Figure 1. Alignment of Deduced Amino Acid Sequences of T1R3 and T1R2 from Five Species

This figure shows the alignment of the deduced sequences of the taste receptor proteins, T1R3 and T1R2, from domestic cat, domestic dog, human, mouse, and rat. Amino acids that are identical among species are shaded in black; conservative amino acid substitutions are shaded in gray. The cat T1R3 sequence shows high similarity with that of human and rodents, with especially high similarity with that of dog. The predicted cat T1R2 sequence is truncated at amino acid 355 due to a premature stop codon at bp 57–59 in exon 4, which results from a 247-bp deletion in exon 3. The underlined amino acids from 316 to 355 of the cat T1R2 result from the frame shift brought by the 247-bp deletion in exon 3. Note that the deduced amino acid sequence of dog T1R2 predicts an apparently normal protein showing high similarity with that of rat, mouse, and human.

Figure 2. Gene Structures of Cat Tas1r3, Human TAS1R3, and Cat Tas1r2, Human TAS1R2

The exons are shown in black (size in bp of each exon is in parentheses). Boundaries of gene sequences used to produce probes for in situ hybridization studies (Figure 3) are shown by the horizontal lines labeled “P1” and “P2” under the sketch of the cat Tas1r3 and cat Tas1r2. Boundaries of sequence used to generate peptide antigens for immunohistochemical studies (Figure 4) are shown by the horizontal lines labeled “A” under the sketch of the cat Tas1r3 and cat Tas1r2. The locations referred to in the vertical explanation text above the asterisks and the spade symbol indicate the position in bp within each exon. Intron sizes shown in the figure are not proportionally scaled on both (A) and (B) because of the large size of Tas1r2 introns. Under each human exon is the percent similarity between each human exon and its cat counterpart at the nucleotide level (Figure 2B). The exons for cat Tas1r2 refer to parts corresponding to human exons. The spade symbol (♠) indicates the position of microdeletion in exon 3 of cat Tas1r2. Asterisks (*) indicate the stop codon positions in exon 4 and 6 of cat Tas1r2. Note that nucleotide numbers of the exon 3 in human TAS1R2 and cat Tas1r2 are not identical.

Figure 3. RNA Expression of Cat Tas1r2 and Tas1r3 from Circumvallate Papillae

Digoxigenin-labeled sense and antisense cRNA probes corresponding to exons 3 and 6 of cat Tas1r2 and Tas1r3 were synthesized using DIG RNA labeling kit (Roche Applied Science, Indianapolis, Indiana, United States) (See Figure 2 for the locations of in situ probes, and Table 3 for identity of primers.) Hybridizations were carried as described [39]. Panel (A) shows result of antisense probes for Tas1r3, whereas panel (B) shows the result of the sense probes for Tas1r3. Panel (C) shows results of the antisense probes for Tas1r2 whereas panel (D) shows results of the sense probes. Scale bar, shown only in panel (A), = 60 μm for (A), (B), (C), and (D).

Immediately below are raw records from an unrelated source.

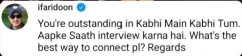 Moving on in the latest round of events, the Indian Journalist Faridoon, known for his insightful coverage of the entertainment industry, has taken to his Instagram handle and dropped a message for Hania Aamir in which he admired her performance in the drama serial 'Kabhi Mein Kabhi Tum' and asked for the interview.
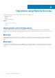 2 Operations using Remote Services Using Lifecycle Controller-Remote Services, you can perform the following operations: • • • • Deploy and Configure Monitor Maintain Create and schedule jobs Topics: • • • Deployment and configuration Monitor Maintain Deployment and configuration Using various Lifecycle Controller-Remote Services' capabilities, you can perform different configurations on a system throughout its Lifecycle.
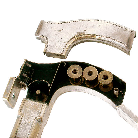 Walking stick camera, nickel plated brass body, with filmspools, original lens, replica cane. Emil Kronke patented his cane handle camera in Britain (1902), Germany (1903) and the United States (1904). It was manufactured by A. Lehmann of Berlin and marketed as the Ben Akiba walking stick camera. Literature: Eaton S. Lothrop (1973), A Century of Cameras p102

Figure 4. Protein Expression of Cat T1R2 and T1R3

Cat T1R3 expression is detected in taste buds of circumvallate papilla (CV) (A) and a fungiform papilla (Fun) just anterior to the intermolar eminence (B) by labeling with anti-mouse T1R3 antibody. Cat T1R2 expression is not detectable in either circumvallate (C) or fungiform (D) using an anti-cat T1R2 antibody. Control studies demonstrated that the anti-cat T1R2 antibody labeled a subset of taste bud cells in rat circumvallate (data not shown). Scale bar, shown only in panel (A) and (B), = 60 μm for (A) and = 45 μm for (B). Scale for panel (C) is the same as that of panel (A); scale for panel (D) is the same as that of panel (B).